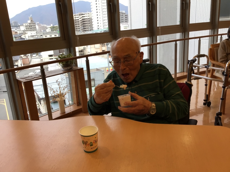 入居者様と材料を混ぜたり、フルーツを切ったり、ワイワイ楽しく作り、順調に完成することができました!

...

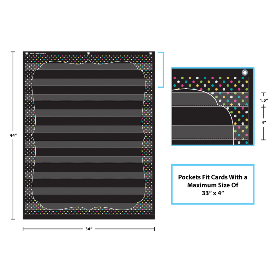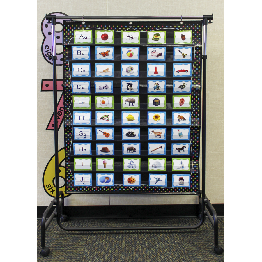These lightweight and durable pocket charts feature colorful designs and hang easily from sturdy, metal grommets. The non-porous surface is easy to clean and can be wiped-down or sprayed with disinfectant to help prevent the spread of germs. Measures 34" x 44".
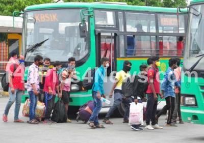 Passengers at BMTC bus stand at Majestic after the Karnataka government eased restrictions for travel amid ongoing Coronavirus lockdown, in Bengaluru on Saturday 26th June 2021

■ TASK INSTRUCTIONS
Once the line with "These lightweight and" is found above, transcribe each line from it through the line with "Passengers at BMTC", exactly, and omit the pictures.

■ OUTPUT OF THE EXERCISE
These lightweight and durable pocket charts feature colorful designs and hang easily from sturdy, metal grommets. The non-porous surface is easy to clean and can be wiped-down or sprayed with disinfectant to help prevent the spread of germs. Measures 34" x 44".
 Passengers at BMTC bus stand at Majestic after the Karnataka government eased restrictions for travel amid ongoing Coronavirus lockdown, in Bengaluru on Saturday 26th June 2021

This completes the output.